Introduction
The problem of labeling data is often considered the first step in a machine learning project, where a training data set is developed that accurately represents unseen, anticipated “test” data. However, for large data sets, including natural language corpora, the exercise of labeling may by itself bring immense value to an organization.
Libraries, especially those at academic institutions aiming to educate students and future researchers, bear just such a burden. While great strides have been made at digitizing the innumerable volumes of information, using optical character recognition (OCR), research can still prove tedious and time-consuming if the text is left without linkages to foundational appendices, or other reference material.
The Data
During a recent project with an esteemed library, I was tasked with facilitating the ease-of-use of the transcripts of historical court tribunals by identifying and labeling the source of the evidentiary documents that were presented. These were either trial documents, used by either the prosecution or defense to argue their case, or evidence file documents, which are part of a broader domain of documents and contain their own naming scheme.
Each have their own specific means of identification. In the case of evidence file documents, regular expressions (regex) were used to find any of a set of pre-defined, coded document groups. Differentiating between prosecution and defense trial documents, on the other hand, relied on much more subtle context clues, and oftentimes required a careful reading of the transcript so as to properly follow the conversation.
The Method
On a first pass, all possible references were flagged with regex, and the evidence file documents partitioned off. Of the remaining references, those that were obviously prosecution or obviously defense were immediately classified and set aside for use as a training set to a random forest algorithm, in order to make a determination on the more ambiguous cases.
This is where the model was most liable to make mistakes. Accuracy of the tags was most important, but followed closely by recall (finding as many references as possible). Therefore, we engaged in regular back-and-forths with the client, who performed manual inspections of the results and reported back. In this way, we could fine-tune the algorithm by, for example, supplying additional features, hyperparameter tuning, or augmenting the less represented class.
The primary feature used was the reference context.
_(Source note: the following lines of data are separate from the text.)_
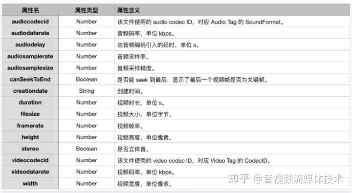 onMetadata 包含着不同的属性,这些属性对于不同的 FLV 文件可能各不相同。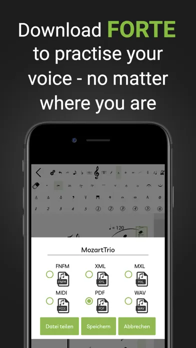 With FORTE READER you can easily open and play sheet music. For more advanced users, FORTE EDITOR provides everything you need to create, write and export scores from your iPhone or iPad. FORTE EDITOR makes it easy to save, share and open scores. FORTE works with most major formats including MIDI, WAV, PDF, MusicXML, and FORTE format.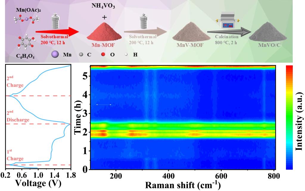 在《Chemical Engineering Journal》(中科院1区Top期刊,影响因子13.1995)上发表的题为“Suppressing Jahn-Teller Distortion and Accelerating Ion KineticsviaHeterostructure Engineering for Stable Aqueous Zinc-Ion Batteries”的研究论文中,团队创新引入稀土元素镱(Yb),通过MOF衍生法制备了Yb2O3-MnO/C异质结构纳米棒(MnYbO/C-2)。DFT计算证实,Yb₂O₃的引入可缓解Jahn-Teller畸变,降低H⁺与Zn²⁺的吸附能,强化结构稳定性。MnYbO/C-2在0.2 A g⁻¹下循环110圈后比容量达347.4 mAh g⁻¹,2 A g⁻¹下循环2500圈仍保持168.5 mAh g⁻¹的容量,其H⁺/Zn²⁺共嵌入机制通过原位拉曼与非原位表征得到证实。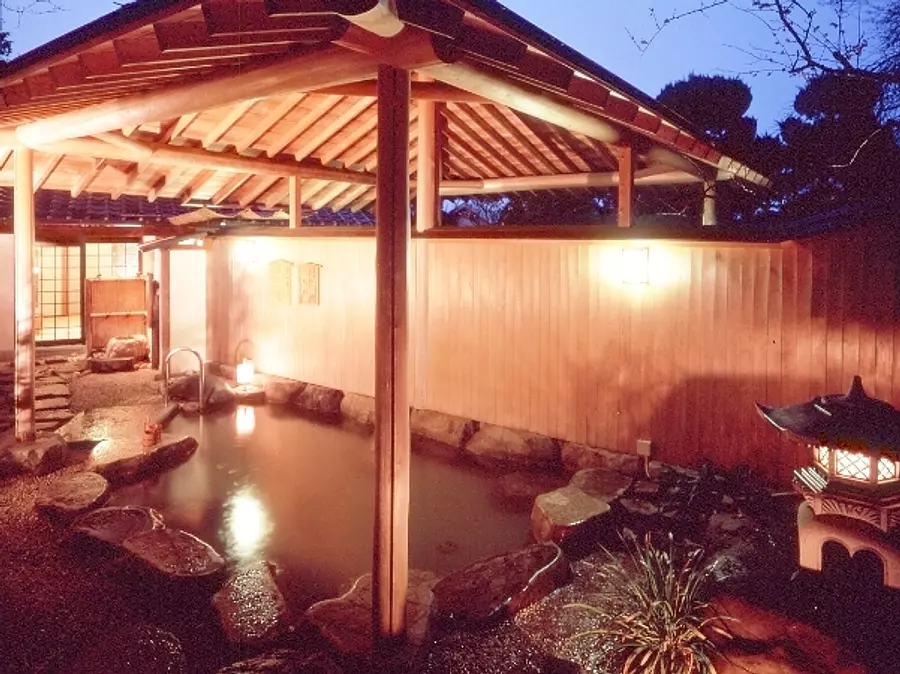 扇野温泉”初蕾の湯”では、水琴窟の音に耳をすませてみてください。ユニバーサルルーム、露天風呂付客室もあります。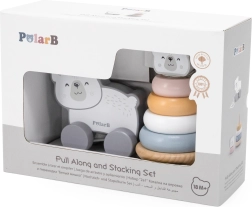 Ανακαλύψτε το απόλυτα ταιριαστό σετ ξύλινων παιχνιδιών Viga PolarB: μια σταθερή πυραμίδα με πολική αρκούδα για ταξινόμηση και στοίβαξη δαχτυλιδιών και ένα συρόμενο αρκουδάκι που ενθαρρύνει τα παιδιά στην κίνηση και τα πρώτα τους βήματα. Οι απαλές παστέλ αποχρώσεις και ο γλυκός σχεδιασμός θα ενθουσιάσουν παιδιά και γονείς.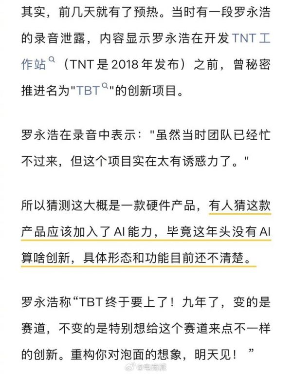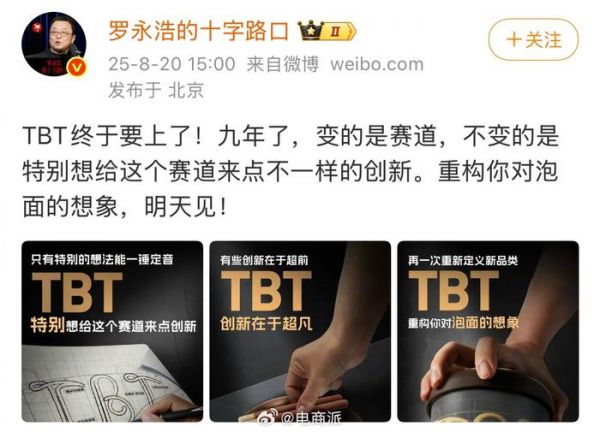 #罗永浩宣布将做泡面# 九年磨一面!罗永浩官宣TBT项目是泡面,曾称该项目间接导致锤子失败。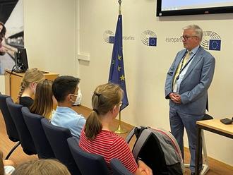 Im anschließenden Informationsgespräch diskutierte er mit den Schülerinnen und Schülern über aktuelle Themen wie den Ukraine-Konflikt oder den Klimaschutz. Außerdem setzen sie sich mit den Entscheidungsprozessen der europäischen Institutionen auseinander.
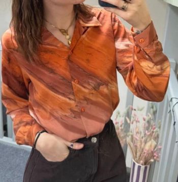 Chemise fluide imprimée orange marron Claude de Saivre T38

After collecting a given number of words, or tokens, on either side of the reference in question, the entities were stemmed and lemmatized, and finally converted to a term-frequency inverse document frequency (tf-idf) embedding. This method weights a count of the most common words by how often they occur across each “document” (in this case the context surrounding a single reference). As a consequence, all words will have an integer representation that is capable of being supplied as input to a machine learning algorithm.
The same scheme was also applied to the current speaker. Other features were constructed based on the presence or absence of key trigger words, such as “prosecution”, or one of the attorneys’ or defendants’ names. The random forest was implemented as:
forest = RandomForestClassifier(criterion='entropy', n_estimators=500, random_state=0, n_jobs=-1)
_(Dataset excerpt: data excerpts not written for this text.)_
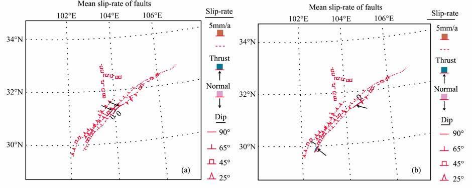 3.1 流变强度对地壳运动速率(GPS)的影响我们利用2.8节提出的方法对模型的流变强度做了修改,给定一个比例因子,1 为原模型的设定,设定龙门山西侧较为软的中下地壳强度为0.4,龙门山东侧较硬的四川盆地的中下地壳强度为4,得到了模型区域内的地壳运动速率.图 7 比较了流变强度统一设定为1 的区域内地壳运动速率(图 7a)和流变强度设定为西侧较弱,东侧较强的区域内地壳运动速率(图 7b).可以看到在给定龙门山西侧中下地壳较大的流变性之后,地表运动速率呈现变大的现象,而东侧设定为中下地壳较为坚硬,地表运动速率显著变小.因此流变强度的差异对模型存在较大的影响,本文后续试验都是基于不同单元体不同流变强度的模型.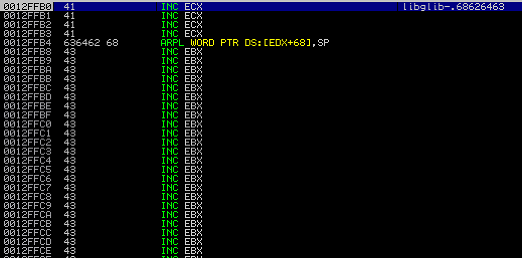 ret = "\x63\x64\x62\x68" # ASCII PPR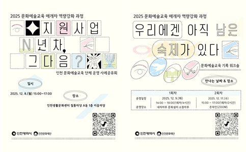 [파이낸셜경제=김기보 기자] 인천광역시와 (재)인천문화재단은 인천 지역에서 활동하는 문화예술교육 매개자의 전문성 향상과 지속가능한 활동 기반을 위해 '2025 문화예술교육 매개자 역량강화 과정'을 오는 12월 8일부터 17일까지 운영한다.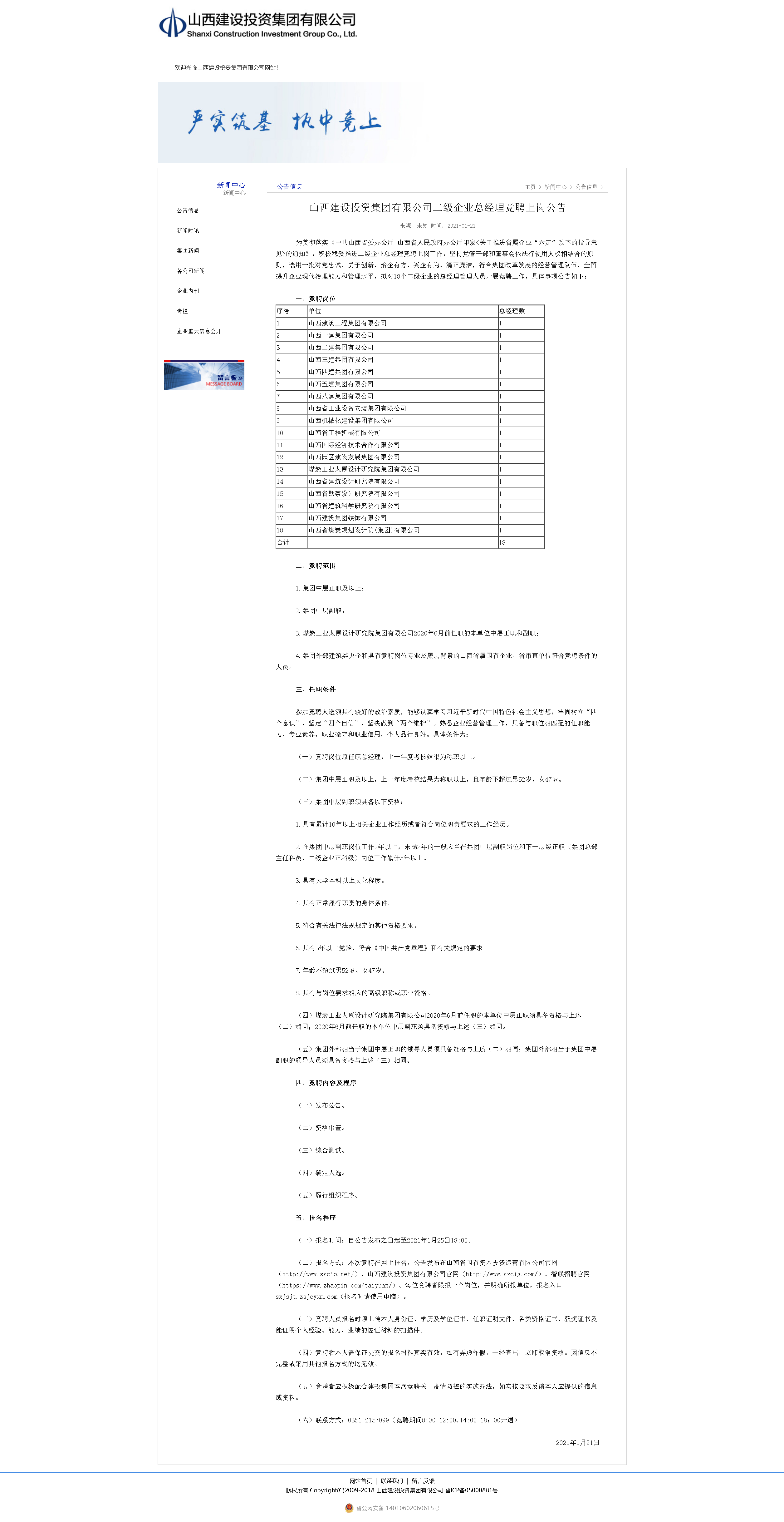 2021年1月22日,山西省人民政府網(wǎng)站、山西省國(guó)有資本運(yùn)營(yíng)有限公司網(wǎng)站、山西建設(shè)投資集團(tuán)有限公司網(wǎng)站,同時(shí)發(fā)布了《山西建設(shè)投資集團(tuán)有限公司二級(jí)企業(yè)總經(jīng)理競(jìng)聘上崗公告》的公告。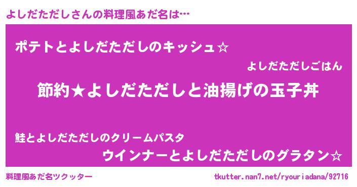 | ヒーロー風カッコイイあだ名 | 『スーパーヨシダタダシ』『銀牙騎士ヨシ』 |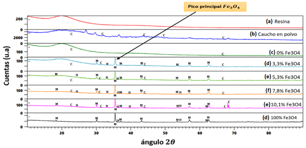 A partir de los difractogramas queda en evidencia que la resina, ripio de llanta en polvo y la magnetita nunca reaccionan entre sí conformando una nueva fase y por ende no se observan nuevos picos de difracción [13].

where the ‘entropy’ split selection criterion has been used. Although more computationally intensive, it is often more suitable for categorical data. The performance of the algorithm at each of a series of probability thresholds was determined so as to maximize both accuracy and recall. Thereafter, anything greater than the threshold was labeled “prosecution”, and less than, “defense”.
Issues
From the start, the accuracy of the model was high and required little further enhancement. More of a challenge was ensuring that we were capturing a large majority of the references. There was a big variation in the manner in which references were cited, including everything from abbreviations to stray punctuation. The regex had to be built to accept references appearing across multiple lines. Also, many references contained combinations of different possible types, that would, to a regex definition, appear like multiple unique tag opportunities. The latter would become especially troublesome when reconstructing the text at the end with the labels, as the trailing part of the reference was liable to being cut off and replaced prematurely by the tag.
The only thing that many of these edge cases had in common was the presence of a number, no more than five digits in length. Upon a second pass through the transcript, we identified all remaining such numbers, filtering any false positives that would be found (dates, page numbers, cardinal adjectives). Of those that were left, rules were developed to ensure a reference (the presence of certain introductory phrases) and labels assigned.
Lessons Learned
While functional, the work done during the second pass was very ad hoc, and cannot be easily used on other datasets. Nevertheless, much of that work, and that across the whole project, closely resembles the application of labeling functions (LFs) as part of Stanford’s Snorkel project. Realizing that labeling data is the most time-intensive and inconsistent part of machine learning, they use rule-based LFs to codify the means to tag data. Here, coverage is often less controllable than precision, so it remains to be seen how well this formula would have helped given our constraints on recall.
The dataset that we worked with should not be seen as exceptionally unique or irregular. Legal text is some of the most dense of any profession, and appears ripe for many of the cost- and time-savings measures that natural language processing (NLP) provides. Search speed is of the essence, whether as it has been described here, or a means to relate textual entities to broader keywords. And though our work was complicated by text inconsistencies that may have been a product of the OCR, we can’t expect more modern documents to be much better.